Then The Road
Went On And On Weary Mile After Weary Mile, And I Stuck To It, And It
Rose Slowly All The Time, And All The Time The Aar Went Dashing By,
Roaring And Filling The Higher Valley With Echoes.
I got beyond the villages.
The light shining suffused through the
upper mist began to be the light of evening. Rain, very fine and
slight, began to fall. It was cold. There met and passed me, going
down the road, a carriage with a hood up, driving at full speed. It
could not be from over the pass, for I knew that it was not yet open
for carriages or carts. It was therefore from a hotel somewhere, and
if there was a hotel I should find it. I looked back to ask the
distance, but they were beyond earshot, and so I went on.

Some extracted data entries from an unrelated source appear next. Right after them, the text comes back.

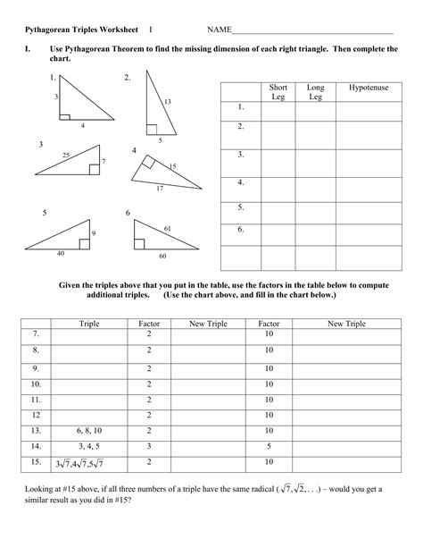Pythagorean Triples Worksheet Tutoring by Matthew
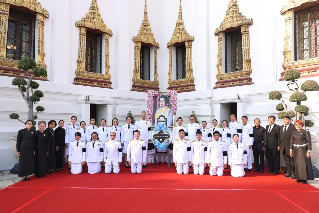 วันนี้ (12 กุมภาพันธ์ 2569) ร้อยตำรวจเอก ปิยะ รักสกุล อธิบดีกรมคุมประพฤติ พร้อมด้วย นายสิทธิ สุธีวงศ์ รองอธิบดีกรมคุมประพฤติ นางนุสรา วงษ์สุวรรณ รองอธิบดีกรมคุมประพฤติ นำคณะผู้บริหารกรมคุมประพฤติ และอาสาสมัครคุมประพฤติ เข้าวางพวงมาลาถวายสักการะเบื้องหน้าพระฉายาลักษณ์ สมเด็จพระนางเจ้าสิริกิติ์ พระบรมราชินีนาถ พระบรมราชชนนีพันปีหลวง พร้อมเข้ากราบถวายบังคมพระบรมศพ เพื่อแสดงความอาลัยและน้อมรำลึกถึงพระมหากรุณาธิคุณอย่างหาที่สุดมิได้ ณ พระที่นั่งดุสิตมหาปราสาท ในพระบรมมหาราชวัง
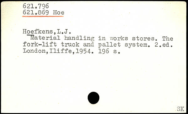 “Material handling in works stores. The fork-lift truck and pallet system.
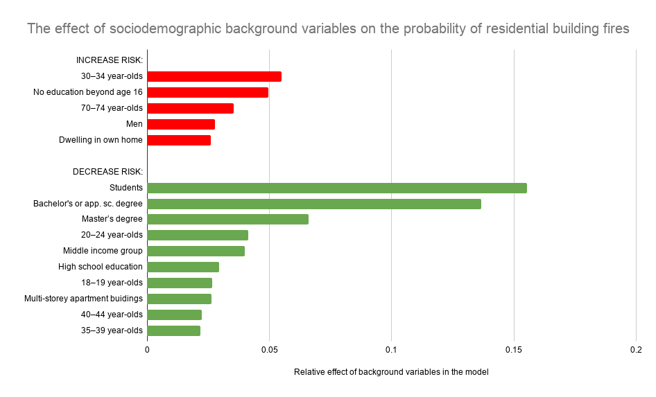 In the Regional Forecasting Models project, the background variables used to explain variation in the risk of residential building fires, at the model’s current stage of development, are gender, age group, level of education, income level, employment status, form of housing, type of residential building, and family structure.

My boots in which I had sworn to walk to Rome were ruinous. Already
since the Weissenstein they had gaped, and now the Brienzer Grat had
made the sole of one of them quite free at the toe. It flapped as I
walked. Very soon I should be walking on my uppers. I limped also, and
I hated the wet cold rain. But I had to go on. Instead of flourishing
my staff and singing, I leant on it painfully and thought of duty, and
death, and dereliction, and every other horrible thing that begins
with a D. I had to go on. If I had gone back there was nothing for
miles.
Before it was dark - indeed one could still read - I saw a group of
houses beyond the Aar, and soon after I saw that my road would pass
them, going over a bridge. When I reached them I went into the first,
saying to myself, 'I will eat, and if I can go no farther I will sleep
here.'
There were in the house two women, one old, the other young; and they
were French-speaking, from the Vaud country. They had faces like
Scotch people, and were very kindly, but odd, being Calvinist. I said,
'Have you any beans?' They said, 'Yes.' I suggested they should make
me a dish of beans and bacon, and give me a bottle of wine, while I
dried myself at their great stove. All this they readily did for me,
and I ate heartily and drank heavily, and they begged me afterwards to
stop the night and pay them for it; but I was so set up by my food and
wine that I excused myself and went out again and took the road. It
was not yet dark.
By some reflection from the fields of snow, which were now quite near
at hand through the mist, the daylight lingered astonishingly late.
The cold grew bitter as I went on through the gloaming. There were no
trees save rare and stunted pines. The Aar was a shallow brawling
torrent, thick with melting ice and snow and mud.